Self-interaction in spin-orbit coupling? In spin orbit coupling, in an atom motion of electrons about nucleus generates magnetic field and we consider this field to interact with magnetic moment of electron. It sound strange as in electrostatics a field is generate by a charge particle but this field does not interact with its origin charge. Doesn't this contradict ?
 A: A good picture is to jump on board the electron and ask yourself what is going on in the reference frame in which it is momentarily at rest. In that frame there is a magnetic field whose source is the nucleus of the atom. It can be calculated conveniently by a Lorentz transform from the rest frame of the nucleus. Anyway, there it is. The magnetic dipole of the electron then interacts with this magnetic field. The only difficulty with this approach is that you have to then allow for the Thomas precession, which is a precession of the axes of the sequence of inertial frames in which the electron is momentarily at rest.
The other perspective is to stay in the rest frame of the nucleus, where there is just the electric field of the nucleus.
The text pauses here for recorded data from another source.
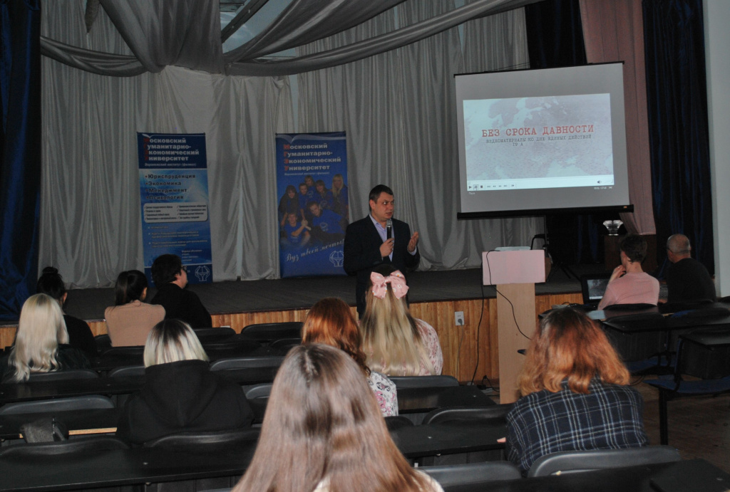 В рамках акции, посвященной памяти жертв геноцида советского народа от немецко-фашистских захватчиков в годы Великой Отечественной войны, перед участниками выступили директор института (филиала) Д.Н. Литвинов и помощник директора по воспитательной работе и связям с общественностью Е.А Львович, после чего состоялся просмотр фильм «Без срока давности", основанного на документальных событиях.
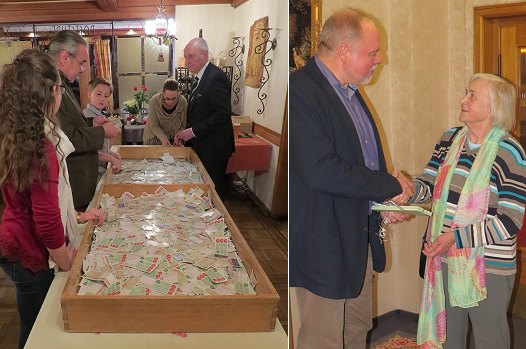 Sachpreise und Gutscheine im Wert von über 4.000 Euro Links die Ziehung der Gewinner, rechts Hauptgewinnerin Ruth Skapa mit dem EWG-Vorsitzenden Dietrich Müller. (Fotos: Hubert Richter)(hr) Mit der Ziehung der Gewinner fand heute Abend im Hotel Krone-Post die diesjährige Weihnachtsverlosung der Eberbacher Werbegemeinschaft (EWG) ihren Höhepunkt.
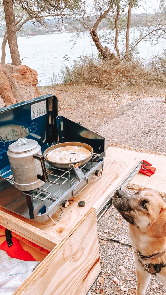 If you know anything about Texas, then you know our “camping” season is very short due to extreme heat and humidity, so I chose April, my birthday month, for our getaway since the evenings would be cool enough to sleep comfortably. I figured the water in the lake would still be pretty cold (it was!) but thought if we got hot enough while on the trails, the cold water would be refreshing.
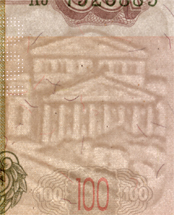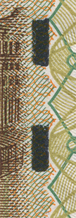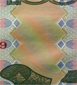 поверхность банкноты с оборотной стороны. В проходящем свете (на просвет)
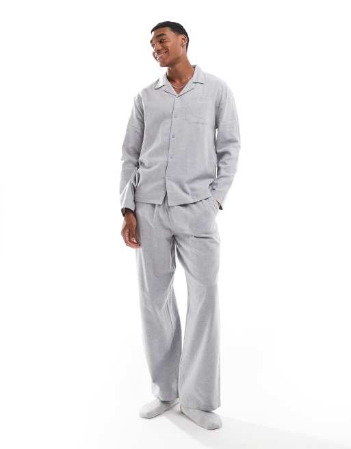 ASOS DESIGN - Set pigiama grigio in flanella spazzolata
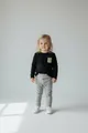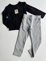 Conjunto infantil moderno e prático: blusa preta de mangas longas com detalhe discreto no peito e legging cinza. Tecido macio, toque suave e elastano para movimento livre. Costuras reforçadas garantem durabilidade nas brincadeiras diárias. Ideal para passeios, escola ou casa, combina com tênis neutro ou colorido para um visual comfy e estiloso.
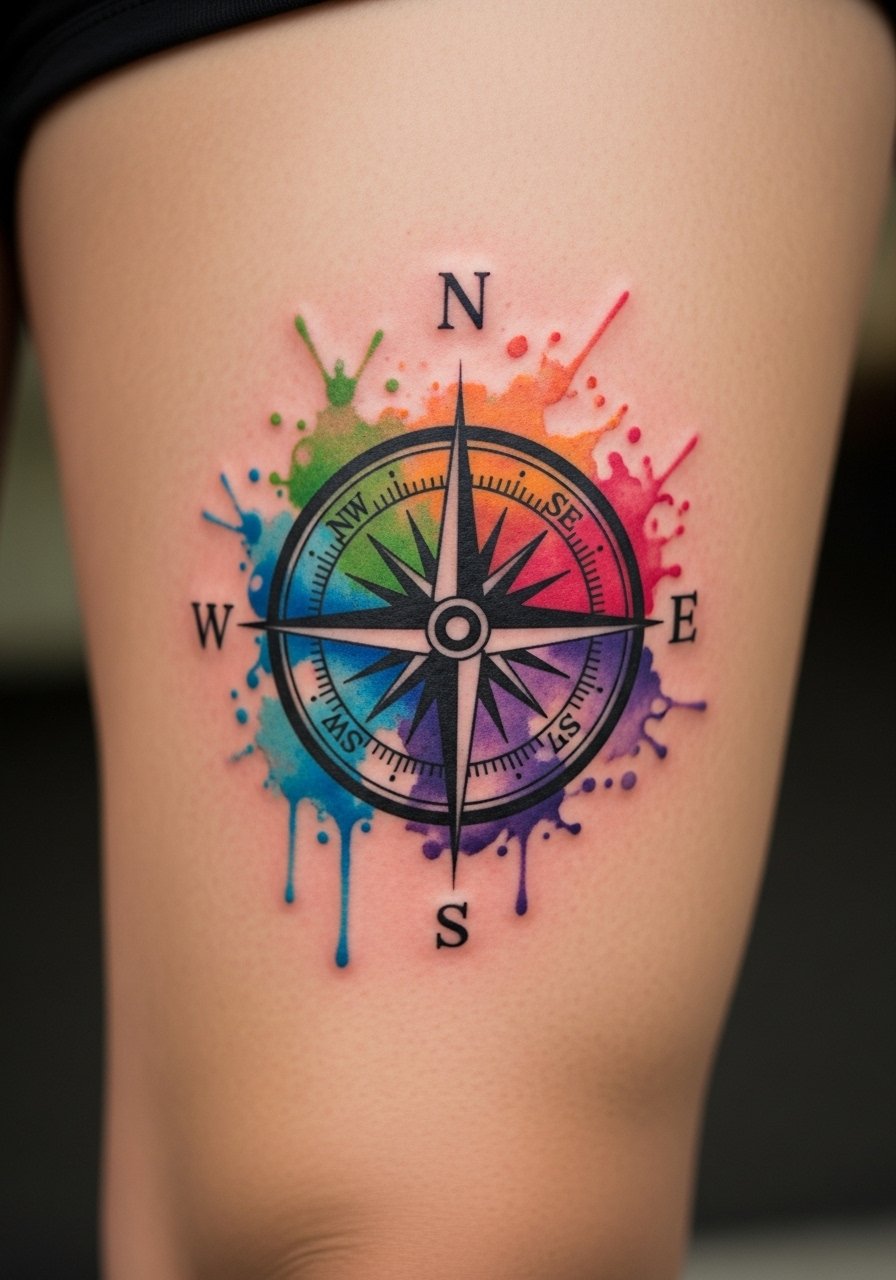 Watercolor compasses feel lively and artistic on the thigh. Thighs heal well and are easy to hide. I recommend pairing colorful washes with solid black lines to keep the compass readable as colors fade. Mistake: relying solely on pale pastels—ask for pigment depth and healed examples.

Then the moving magnetic dipole of the electron presents an electric dipole moment. But I think this second way is not so physically intuitive as the first.
In either case, you are correct that no (physically small) charge or dipole interacts with the field that it itself generates. Rather, a property of the electron interacts with a field produced by the nucleus.
A: An electron has a magnetic moment. When the electron moves it is perceived as having an electric dipole moment as well. This interacts with the nuclear electrostatic field.
A: It's in the name $\textbf{spin-orbit}$ coupling. The source of the magnetic field is the orbital angular momentum, whose origin was discussed by Andrew's answer. And the dipole that is interacting with it is due to the spin. So the field does not interact with the origin of the dipole as the source of the two are different.